## Data
------------------------------------------------------------------------

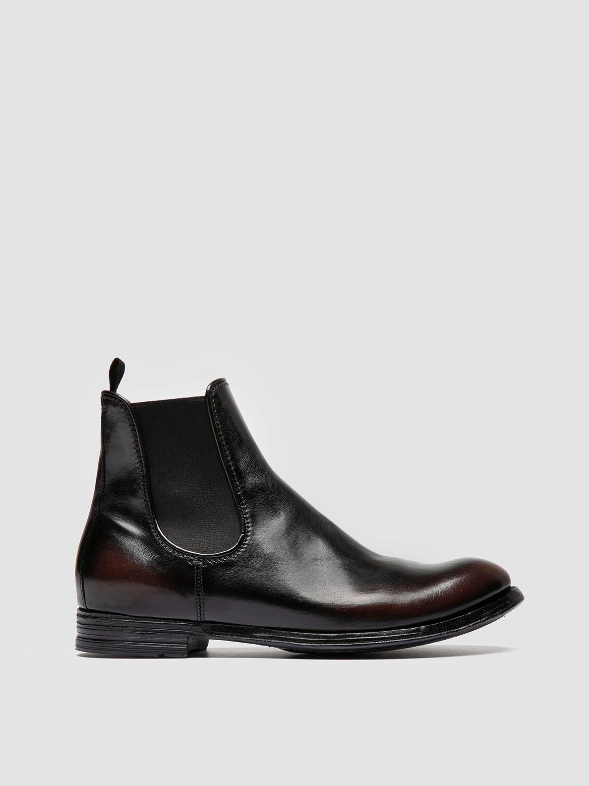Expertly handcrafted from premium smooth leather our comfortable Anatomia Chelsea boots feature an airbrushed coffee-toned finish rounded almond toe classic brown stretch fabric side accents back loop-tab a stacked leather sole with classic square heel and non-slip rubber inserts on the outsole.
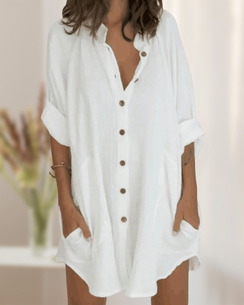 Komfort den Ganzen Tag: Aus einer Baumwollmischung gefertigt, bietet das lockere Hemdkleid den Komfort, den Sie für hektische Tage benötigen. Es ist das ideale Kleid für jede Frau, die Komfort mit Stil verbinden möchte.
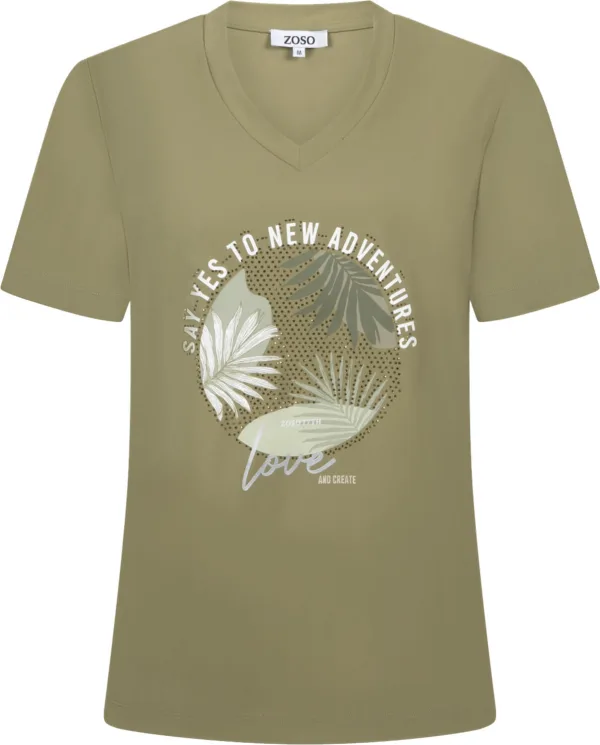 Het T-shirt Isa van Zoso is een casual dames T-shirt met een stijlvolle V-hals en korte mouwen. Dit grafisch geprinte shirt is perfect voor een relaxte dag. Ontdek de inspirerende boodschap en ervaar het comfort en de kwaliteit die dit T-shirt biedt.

------------------------------------------------------------------------

## Exercise aim
Reproduce the listing exactly, images omitted.

## Your solution
Expertly handcrafted from premium smooth leather our comfortable Anatomia Chelsea boots feature an airbrushed coffee-toned finish rounded almond toe classic brown stretch fabric side accents back loop-tab a stacked leather sole with classic square heel and non-slip rubber inserts on the outsole.
 Komfort den Ganzen Tag: Aus einer Baumwollmischung gefertigt, bietet das lockere Hemdkleid den Komfort, den Sie für hektische Tage benötigen. Es ist das ideale Kleid für jede Frau, die Komfort mit Stil verbinden möchte.
 Het T-shirt Isa van Zoso is een casual dames T-shirt met een stijlvolle V-hals en korte mouwen. Dit grafisch geprinte shirt is perfect voor een relaxte dag. Ontdek de inspirerende boodschap en ervaar het comfort en de kwaliteit die dit T-shirt biedt.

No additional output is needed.